О, он долго искал среди арестованных умников кого-либо, кто был бы способен перенять науку Самородка. Он просматривал дела кандидатов лично, и просмотрел их сотни, пока на его стол не попало бабушкино досье. И вот, наконец, она перед ним, его опора на остаток дней. Худая, угловатая, с торчащими ключицами, горящими глазами и роскошными иссиня-чёрными волосами, закатанными в плотный валик.
— Здравствуйте, Эстер Иосифовна. Рад вас видеть в качестве своей дорогой гостьи, — распинался вождь перед моей ошалевшей бабулей. — Здесь вы теперь будете жить и работать. Я покажу вам вашу квартиру и ваше рабочее место.
Бабушка робко спросила, сможет ли увидеться со своей семьёй.
— У вас теперь нет семьи. Хотите, я буду вашей семьёй? Больше вам ни с кем не разрешается разговаривать. В случае нарушения ваш собеседник будет уничтожен, невзирая на пол и возраст. Впрочем, вам теперь будет не до разговоров. Пойдёмте, я покажу вам вашу лабораторию.
Позже, много позже, бабушка по расположению украдкой высмотренных из окон примет, поймёт, что лаборатория и её новая, роскошная квартира располагались в Потешном дворце, что у западной кремлёвской стены, между Троицкой и Комендантской башнями. Там ей довелось жить среди теней прошлых жильцов, начиная с боярина Милославского и заканчивая Надеждой Аллилуевой и Яковом Джугашвили.
Уже освободившись из плена, бабушка, бывало, гуляла по Александровскому саду, и сердце её билось от близости ТОЙ САМОЙ лаборатории.
О, что это была за лаборатория! Мечта, показавшая ей в Институте Мозга лишь кончик своего хвоста, была воплощена в деталях и вариациях. Самородок проделал огромный путь от деревянных ящиков и выбивающего морзянку коня до металлических вакуумных корпусов, самописцев и динамиков, механически воспроизводящих наборы звуков. Речь этих аппаратов напоминала речь глухих с детства людей, разбирать её было непросто, но бабушка привыкла.
Попугай-Самородок находился тут же, при своём хозяйстве, в клетке. Он вводил в курс свою преемницу с большим удовольствием — ведь впервые за много лет ему представилась счастливая возможность общения с коллегой, тем более — дамой. Разговаривал Самородок с грузинским акцентом, ибо программа переработки импульса в звук была написана им отменно!

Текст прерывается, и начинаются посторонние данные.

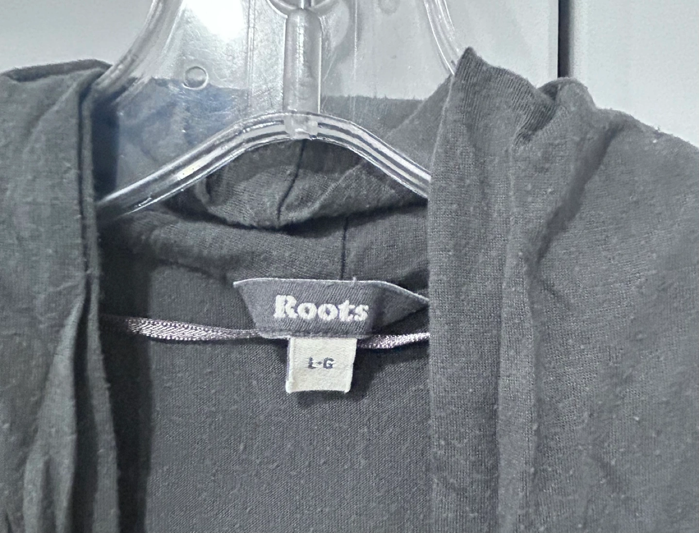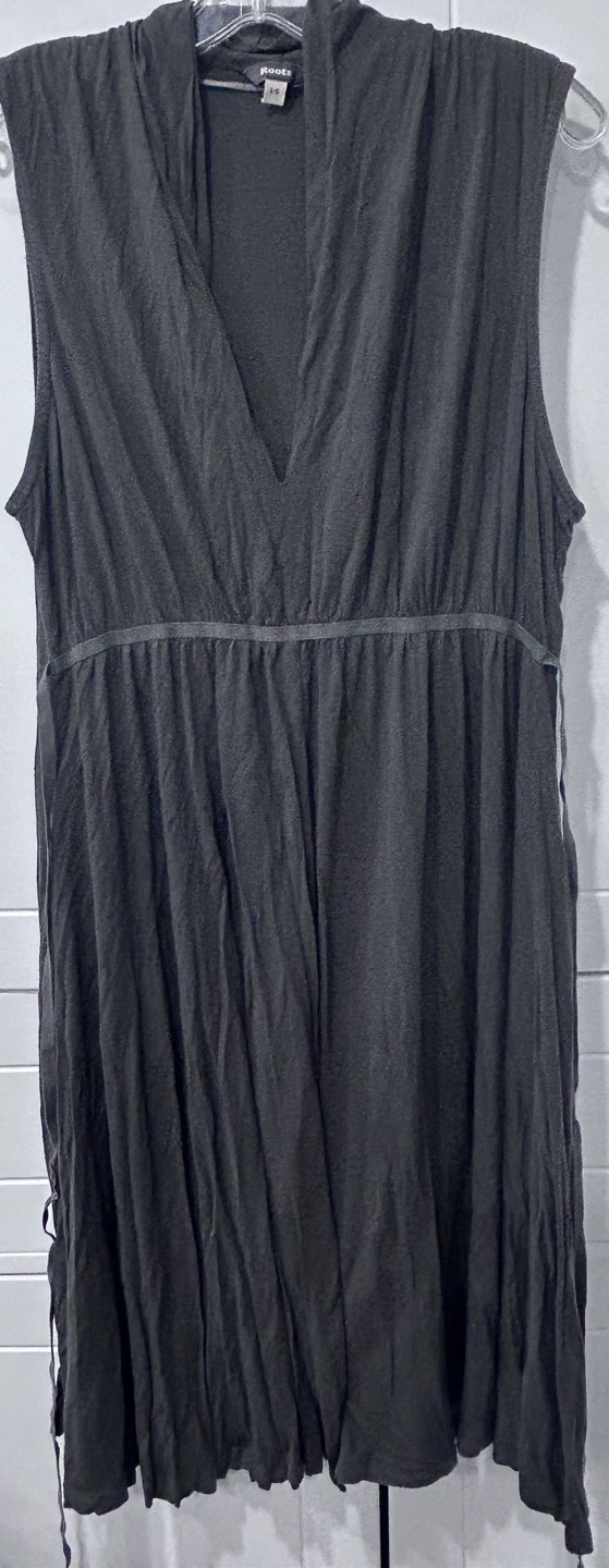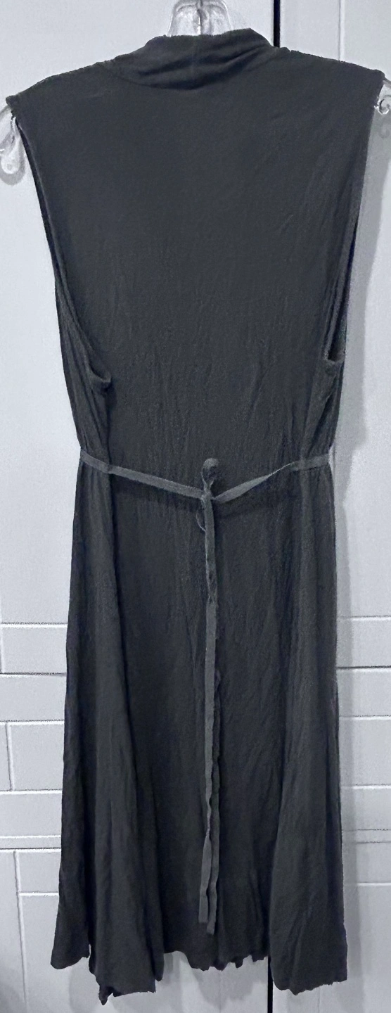 Sleeveless grey dress with a v-neck, tie at the waist. Size L-G.

Он отвечал на все, даже самые каверзные, вопросы.
— Скажите, почему вы не выбрали себе, скажем, новое тело? При возможностях вашего друга… Подобрали бы врага народа. Или кого-нибудь с черепно-мозговой травмой…

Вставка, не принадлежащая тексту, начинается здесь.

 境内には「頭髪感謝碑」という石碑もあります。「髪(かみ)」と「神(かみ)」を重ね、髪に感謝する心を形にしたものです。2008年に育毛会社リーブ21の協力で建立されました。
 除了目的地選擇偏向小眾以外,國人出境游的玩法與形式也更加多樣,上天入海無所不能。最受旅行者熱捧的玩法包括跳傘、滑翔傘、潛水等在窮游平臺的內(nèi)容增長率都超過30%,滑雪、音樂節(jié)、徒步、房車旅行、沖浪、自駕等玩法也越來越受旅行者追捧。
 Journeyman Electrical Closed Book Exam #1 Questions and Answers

— Дитя моё, в наше время безопаснее быть попугаем, чем человеком, — отвечал он.
И ошибся. Когда курс обучения моей бабушки был завершён, включая освоение самой последней, птичьей, технологии, Сталин пришёл в лабораторию сам. Побеседовал с попугайным воплощением своего товарища, удостоверился в том, что смена кадров прошла успешно, и свернул птичке голову.
— Теперь ты у меня одна, — усмехнулся он и бодро покинул помещение.

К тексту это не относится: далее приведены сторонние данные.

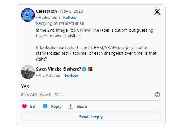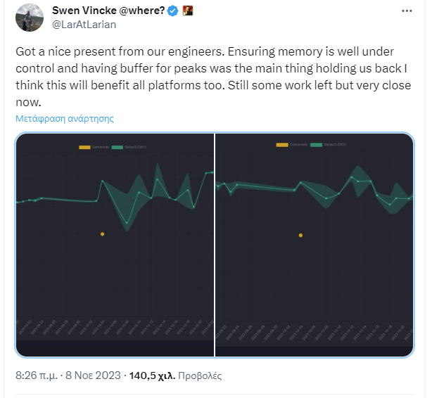 Μάλιστα έχουμε και φρέσκα νέα. Ο Διευθύνων Σύμβουλος της Larian Studios, Swen Vincke, ανέβασε στο Twitter πριν από λίγες ώρες, κάποια γραφήματα, αποκαλύπτοντας ότι η ομάδα του BG3 έχει λύσει το “κυρίο πράγμα που τους κρατάει πίσω” με το παιχνίδι στο Xbox Series S, και προφανώς θα ωφελήσει και όλες τις πλατφόρμες. Μάλλον επιτέλους στρώθηκαν στην δουλειά.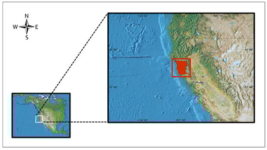 Location of Mendocino County (red square), which is situated in northern California and approximately 160 miles (257 km) north of the city of San Francisco and 280 miles (450 km) south of the state of Oregon.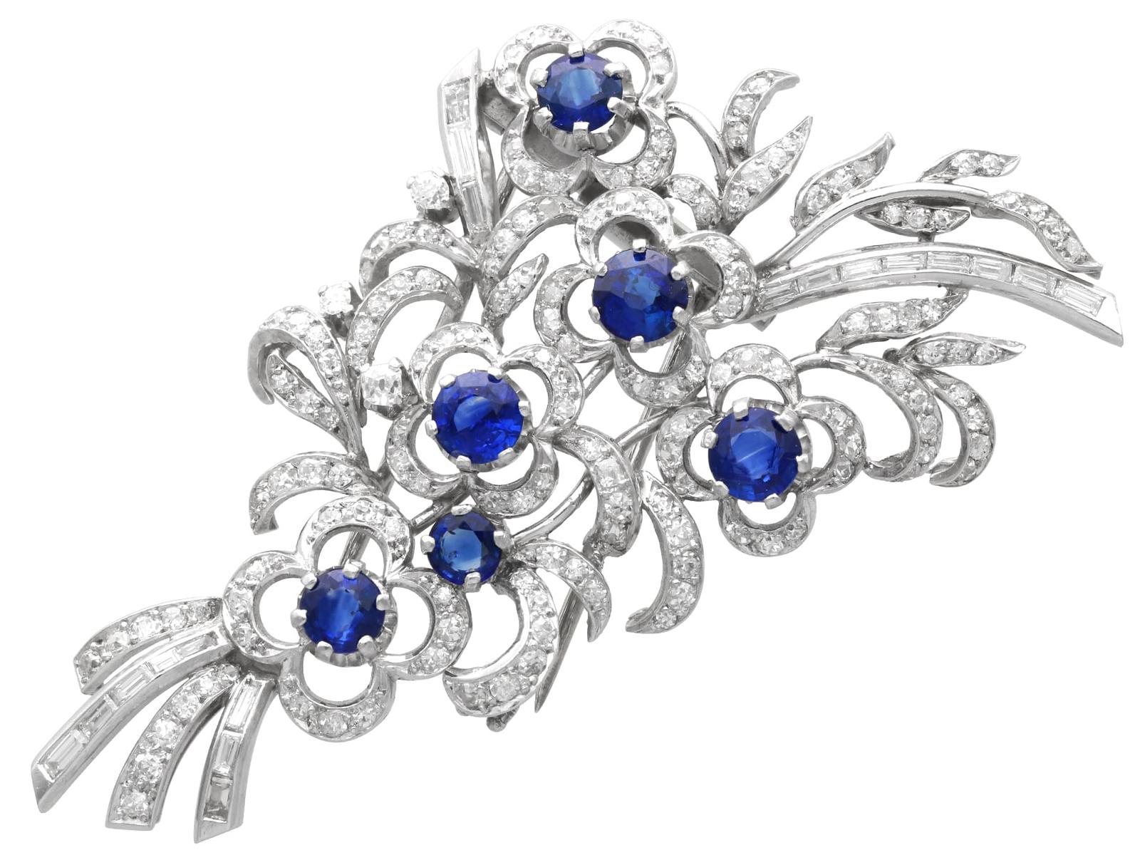 A stunning, fine and impressive antique 2.48 carat sapphire, 2.80 carat diamond, platinum and 18 karat white gold spray brooch; part of our antique sapphire brooch collection.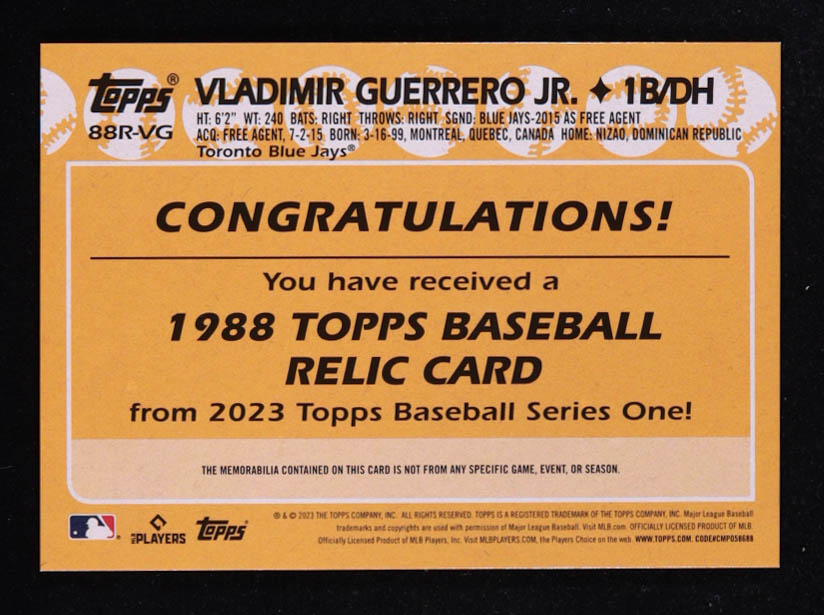Vladimir Guerrero Jr. 2023 Topps '88 Topps Relics #88RVG
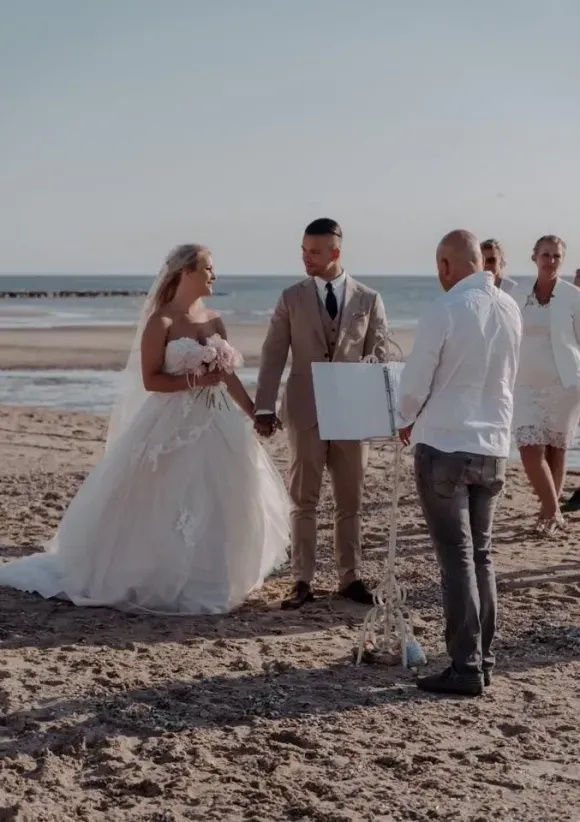 In dit geval zijn jullie niet gebonden aan wettelijke regels en kan je de huwelijksceremonie vieren waar en wanneer jullie dat zelf willen. In veel gevallen wordt er dan gratis getrouwd op het stadhuis en later volgt de ceremonie, met akte, getuige en trouwambtenaar in toga! Niemand merkt het verschil en het biedt oneindig meer mogelijkheden dan dat alles officieel moet. Zelfs buiten Nederland kan ik een huwelijksceremonie verzorgen.

Попугайчика Вождь, шутки ради, похоронил под вымышленным именем у Кремлёвской стены. Первое, человеческое, тело Самородка сгорело в крематории.
Утром двадцать восьмого февраля пятьдесят третьего года Сталин зашёл к бабушке, принёс клетку с большим белым попугаем:
— Сколько тебе нужно места, чтобы погрузить оборудование?
— Всё оборудование?
— Зачем всё? Для одной переписки. И вот ещё клетка. Багажника хватит?
— Да. А переписывать кого?..
— Меня.
— Но это же опасно, товарищ Сталин! Может произойти кровоизлияние…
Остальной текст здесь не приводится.